What is Default Mode Network

DMN; Magnetic resonance imaging of areas of the brain in the default mode network.

Maybe, you’ve never heard of the Brain default network mode before. But you should be familiar with it. You experience it daily. It’s what you sense as the voice in your mind

It’s what American Psychologist Julian Jaynes refers to as the bicameral mind

In his book, The Origin of Consciousness in the Breakdown of the Bicameral Mind, Julian says that until recently as 3000 years ago, human beings were robots, acting out the will of the gods. Following a voice in their heads.

This is like how we live today. But in our case, the voice doesn’t come from the gods; it’s our inner voice.

It’s a voice that goes like

“This dress makes me look fat”,

“ That was a foolish thing to say”,

“ Why did I do that! Stupid, stupid, stupid”

These inner dialogs are always with us. They all come from that nagging, always-on, defeatist voice that never shuts up. In Eastern Traditions, we call this the “Monkey Mind.” Science describes that voice as the default network mode or DMN.

Researchers have studied the default network mode for decades now. It’s a group of brain regions( medial prefrontal cortex, posterior cingulate cortex, and the inferior parietal lobule) that are important for our survival.

It’s most active when we are awake. When we do what human beings well — thinking about ourselves, remembering the past, imagining the future,…Anything but being focused on what’s happening right now.

The DMN is useful because it’s involved in our memory, particularly autobiographic episodic memories — These are daily memories that play a role in helping us make a model of the world, predict the future, based on past events.

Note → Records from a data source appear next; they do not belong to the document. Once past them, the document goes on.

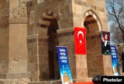 Турция - Плакаты с турецким флагом и портретом Ататюрка у входа в армянскую церковь Сурб Хач на о.Ахтамар.
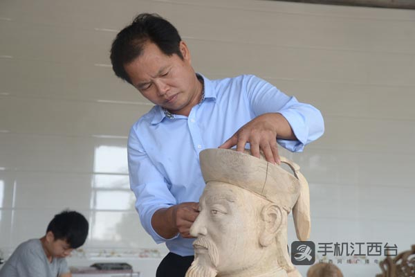 “傩雕的选材基本都是樟木,因为樟木防虫,并有‘纳财’的寓意。此外,所有工序里面最难的就是精雕。”彭国龙说,有时候为了雕好龙王嘴里的一颗圆球,需要耗费好几天的时间。因此,急性子的人干不了傩雕的活。
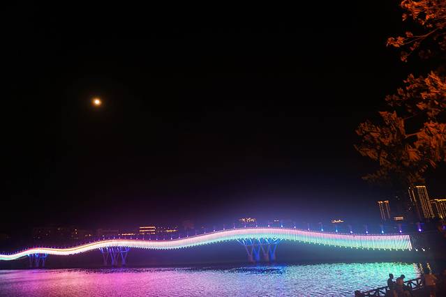 情人桥坐落于三亚河岸之上,富有设计感的曲线形状,像蛇精一般婀娜多姿。夜晚时分不断变换着颜色,就像跳跃的音符萦绕在河面之上。
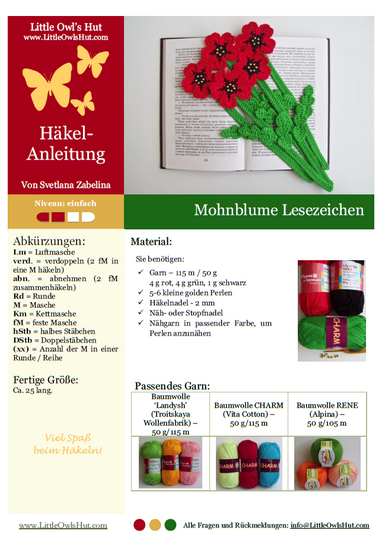Vervielfältigung und Veröffentlichung dieser Anleitung – mechanisch, elektronisch oder auf andere Weise einschließlich Fotokopie - ohne schriftliche Genehmigung ist untersagt! Vielen Dank für Ihr Verständnis, und viel Spaß beim Häkeln!

But although the default network mode is essential, it has its drawbacks. Recent research has associated diseases like depression, anxiety, and schizophrenia with the DMN.

Since those discoveries, researchers started looking for answers. In particular, how to reverse the effects of the DMN or even control it.

What they found is that therapies like Meditation could influence the default network.

But what the research showed us is that the DMN isn’t designed to make us happy. It’s evolutionary us is to protect us. And one study proved just that.

A Wandering Mind Is A Unhappy Mind

A 2010 paper of Matthew Killingsworth and Daniel Gilbert described how they developed a smartphone app that asked people throughout the day what they were doing and how happy they were.

Based on a quarter of a million queries posed of about 5000 people from 83 different countries, they found that people think most of their past or future.

What the researchers concluded was that people end up more unhappy if they let their minds wander.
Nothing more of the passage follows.